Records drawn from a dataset
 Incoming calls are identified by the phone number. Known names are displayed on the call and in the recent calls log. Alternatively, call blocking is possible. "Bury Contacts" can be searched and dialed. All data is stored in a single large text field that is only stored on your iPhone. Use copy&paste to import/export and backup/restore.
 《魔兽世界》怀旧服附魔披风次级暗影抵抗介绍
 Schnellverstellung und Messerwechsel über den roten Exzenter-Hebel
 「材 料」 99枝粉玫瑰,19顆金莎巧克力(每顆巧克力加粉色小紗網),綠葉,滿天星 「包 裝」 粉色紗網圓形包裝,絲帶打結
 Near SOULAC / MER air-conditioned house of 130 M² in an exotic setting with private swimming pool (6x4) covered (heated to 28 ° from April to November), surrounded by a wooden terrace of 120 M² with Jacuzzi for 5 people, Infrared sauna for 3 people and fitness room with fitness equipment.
...
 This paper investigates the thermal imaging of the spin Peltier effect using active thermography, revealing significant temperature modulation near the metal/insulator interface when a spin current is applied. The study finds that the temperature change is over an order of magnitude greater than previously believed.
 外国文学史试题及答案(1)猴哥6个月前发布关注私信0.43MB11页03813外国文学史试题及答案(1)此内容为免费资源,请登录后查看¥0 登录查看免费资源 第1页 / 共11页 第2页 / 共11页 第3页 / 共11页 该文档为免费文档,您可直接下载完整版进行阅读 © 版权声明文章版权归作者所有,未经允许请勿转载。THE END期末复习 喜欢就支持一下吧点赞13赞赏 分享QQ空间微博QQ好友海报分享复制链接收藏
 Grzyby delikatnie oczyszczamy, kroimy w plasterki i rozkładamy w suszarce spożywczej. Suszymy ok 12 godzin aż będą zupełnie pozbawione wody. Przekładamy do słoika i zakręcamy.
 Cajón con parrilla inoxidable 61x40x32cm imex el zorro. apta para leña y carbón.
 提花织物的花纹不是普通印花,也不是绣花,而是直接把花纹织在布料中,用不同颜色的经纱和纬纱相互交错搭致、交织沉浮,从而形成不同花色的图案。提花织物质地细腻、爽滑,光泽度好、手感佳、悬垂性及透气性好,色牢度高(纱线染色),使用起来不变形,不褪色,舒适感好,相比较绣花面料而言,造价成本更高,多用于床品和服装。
* * *
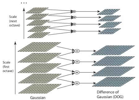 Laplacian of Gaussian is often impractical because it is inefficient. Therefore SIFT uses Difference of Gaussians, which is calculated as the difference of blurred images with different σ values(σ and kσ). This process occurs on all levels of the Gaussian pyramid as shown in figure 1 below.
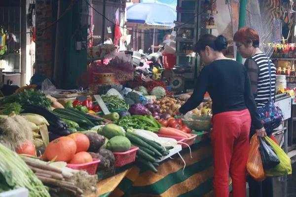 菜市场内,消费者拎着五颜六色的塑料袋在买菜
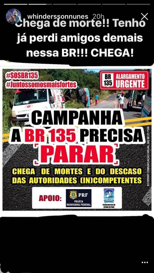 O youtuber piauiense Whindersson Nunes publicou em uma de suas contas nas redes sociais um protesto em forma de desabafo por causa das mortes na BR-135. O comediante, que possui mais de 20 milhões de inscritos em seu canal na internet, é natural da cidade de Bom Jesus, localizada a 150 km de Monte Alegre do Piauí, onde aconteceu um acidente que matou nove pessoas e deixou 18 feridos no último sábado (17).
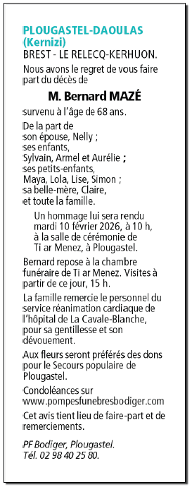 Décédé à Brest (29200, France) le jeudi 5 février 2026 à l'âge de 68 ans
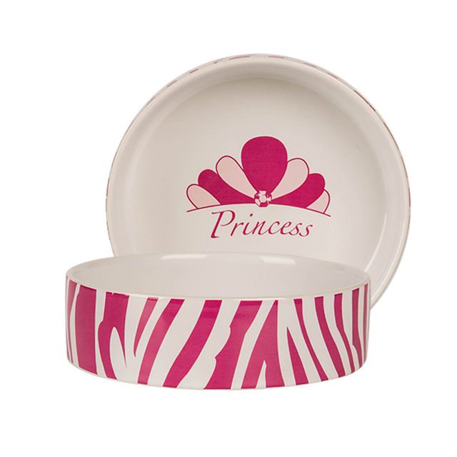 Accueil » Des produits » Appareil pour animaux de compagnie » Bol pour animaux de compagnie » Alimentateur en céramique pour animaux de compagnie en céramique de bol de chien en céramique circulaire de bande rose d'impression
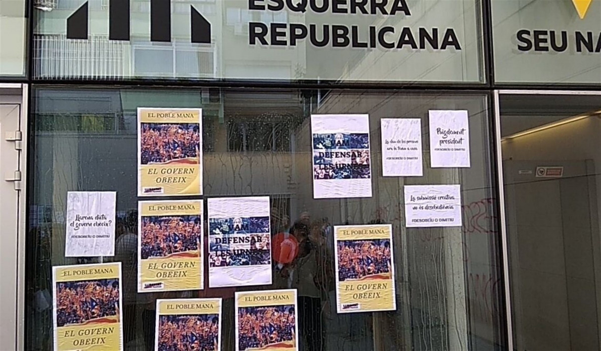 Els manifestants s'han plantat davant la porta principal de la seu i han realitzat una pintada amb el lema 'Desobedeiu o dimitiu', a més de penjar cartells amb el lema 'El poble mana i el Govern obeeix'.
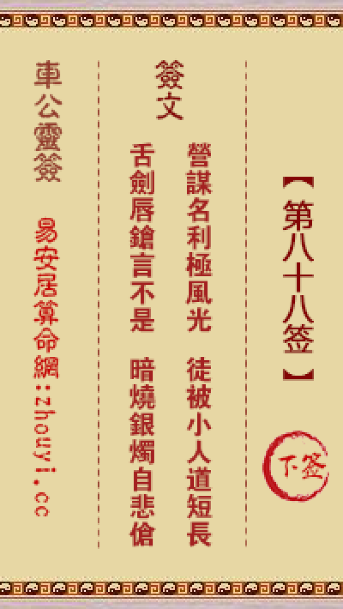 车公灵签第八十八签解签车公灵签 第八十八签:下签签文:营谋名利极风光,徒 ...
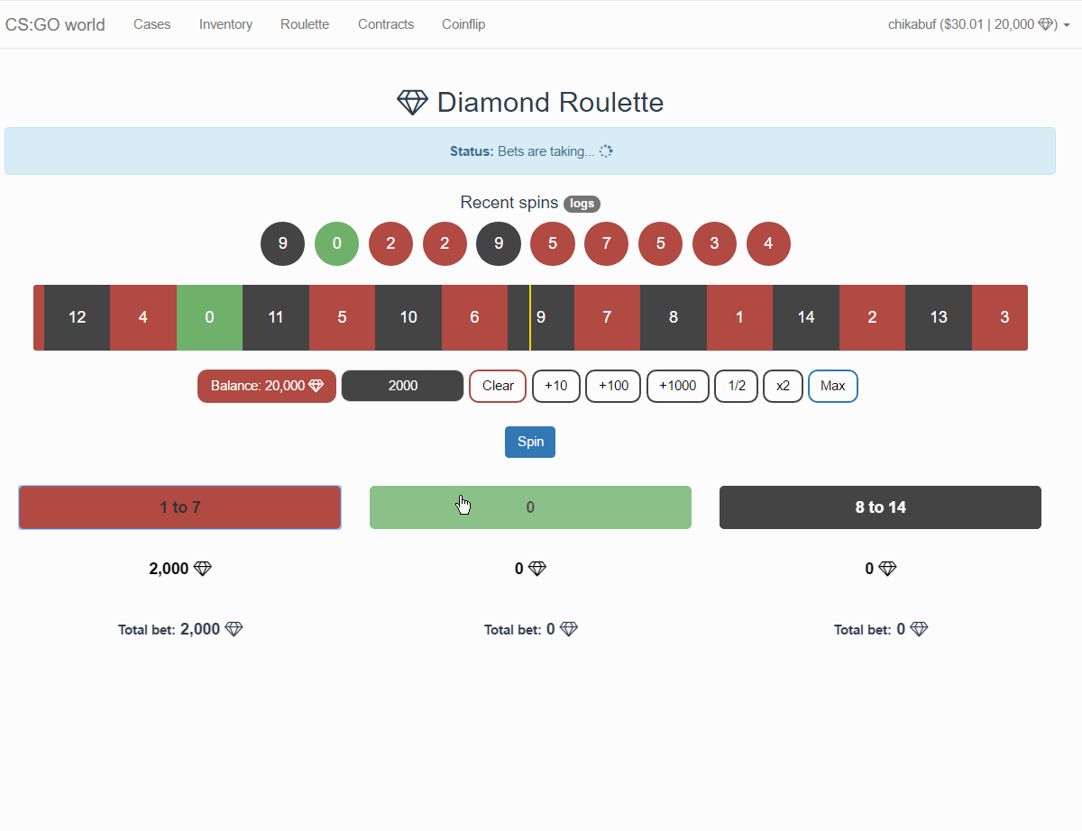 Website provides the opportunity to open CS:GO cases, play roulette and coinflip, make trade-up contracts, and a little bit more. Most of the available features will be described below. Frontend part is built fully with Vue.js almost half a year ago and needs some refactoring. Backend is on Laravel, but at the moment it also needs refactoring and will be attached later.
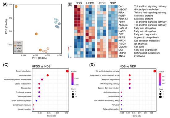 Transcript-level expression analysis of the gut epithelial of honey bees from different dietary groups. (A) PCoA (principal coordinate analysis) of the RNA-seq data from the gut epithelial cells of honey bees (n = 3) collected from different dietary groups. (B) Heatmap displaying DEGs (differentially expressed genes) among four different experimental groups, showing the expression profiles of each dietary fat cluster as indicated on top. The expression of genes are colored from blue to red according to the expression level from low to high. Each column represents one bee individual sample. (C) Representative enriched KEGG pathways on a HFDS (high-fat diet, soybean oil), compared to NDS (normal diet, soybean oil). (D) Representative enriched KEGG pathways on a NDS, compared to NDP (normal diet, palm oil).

# WORK ORDER
Please make an exact copy of the lines above from the line with "99枝粉玫瑰,19顆金莎巧克力(每顆巧克力加粉色小紗網),綠葉,滿天星 「包 裝」 粉色紗網圓形包裝,絲帶打結" through the line with "Near SOULAC /", both ends included.

# THE ANSWER
 「材 料」 99枝粉玫瑰,19顆金莎巧克力(每顆巧克力加粉色小紗網),綠葉,滿天星 「包 裝」 粉色紗網圓形包裝,絲帶打結
 Near SOULAC / MER air-conditioned house of 130 M² in an exotic setting with private swimming pool (6x4) covered (heated to 28 ° from April to November), surrounded by a wooden terrace of 120 M² with Jacuzzi for 5 people, Infrared sauna for 3 people and fitness room with fitness equipment.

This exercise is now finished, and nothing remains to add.